Kevin Michael Rudd (born 21 September 1957), Australian politician, has been a Labor member of the Australian House of Representatives since 1998, representing the Division of Griffith, Queensland.

Rudd was born in Nambour, Queensland, and graduated with an arts degree with the University of Queensland. He then studied Chinese (in which he is fluent) at the Australian National University. In 1981 he joined the Australian Diplomatic Service, where he served until 1988.

In 1988 Rudd was appointed Chief of Staff to the Labor Opposition Leader in Queensland, Wayne Goss, a position he held until 1991, when Goss, by now Premier, appointed him Director-General of the Cabinet Office. These positions gave him experience of a wide range of domestic issues in addition to his experience in foreign affairs.

When the Goss government lost office in 1995, Rudd was hired as a Senior China Consultant by the accounting firm KPMG Australia. He held this position while he unsuccessfully contested the federal seat of Griffith at the 1996 federal election. In 1998 he contested the seat again, successfully.

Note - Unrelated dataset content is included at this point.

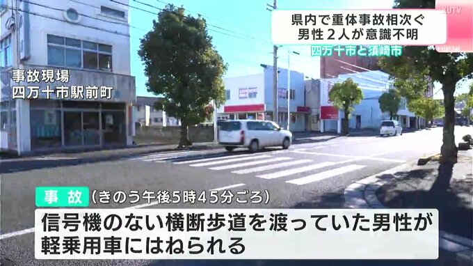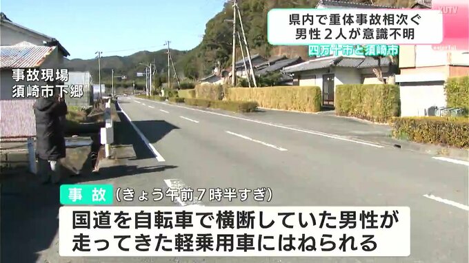 高知県内で重大な事故が相次いでいます。四万十市と須崎市で、道路を横断中の歩行者や自転車が車にはねられ、2人が意識不明の重体です。
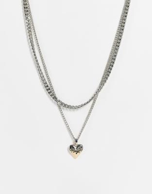 Collar multicadena de varios tonos con colgante de corazón de Topshop

After the 2001 elections Rudd was elected to the Opposition front bench and was appointed shadow Minister for Foreign Affairs. In this position he strongly criticised the Liberal government of John Howard over their support for the United States in the 2003 Iraq war, while maintaining Labor's position of support for the Australian-American alliance.

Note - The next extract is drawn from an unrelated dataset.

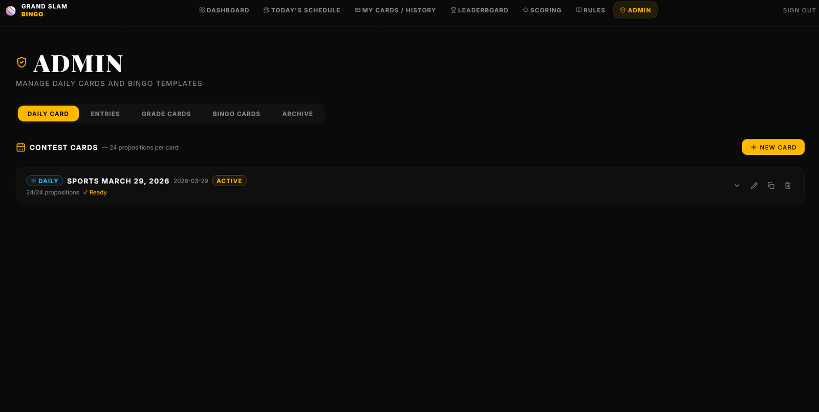 DAILY CARD IS THE STARTING POINT FOR CREATING A NEW CONTEST

Rudd's policy experience and parliamentary performances during the Iraq war made him one of the best-known members of the Labor front bench. When Opposition Leader Simon Crean was challenged by his predecessor Kim Beazley in June, Rudd did not commit himself to either candidate, though it was believed that he voted for Beazley. When Crean finally resigned in late November, Rudd was considered a possible candidate for the Labor leadership. On 30 November, however, he announced that he would not be a candidate in the leadership ballot on 2 December.

Following the election of former shadow Treasurer Mark Latham, Rudd was expected by some pundits to be demoted or moved as a result of his support for Kim Beazley, but he retained his portfolio. After Latham led Labor to a heavy defeat at the October 2004 federal election, Rudd was again spoken of as a possible alternative leader. He retained his foreign affairs portfolio and disavowed any intention of challenging Latham.

When Latham suddenly resigned in January 2005, Rudd was visiting Indonesia, and refused to say whether he would be a candidate for the Labor leadership. Such a candidacy would require him to run against his factional colleague Kim Beazley. "The important thing for me to do is to consult with my colleagues in the party," he said. "I will be proceeding with my visit to Aceh tomorrow and I think that's the right thing to do. As I return to Australia on the weekend I will have something further to say." After returning from Indonesia, Rudd consulted with Labor MPs in Sydney and Melbourne and announced on 24 January that he would not contest the leadership.

Personal Life

Kevin Rudd lives in his electorate with his wife Therese and their two children, Marcus and Jessica.

While not attracting the wider media attention of, for example, Tony Abbott's Catholicism, Rudd is open about his Anglican Christianity and has given a number of interviews to the Australian religious press on the topic.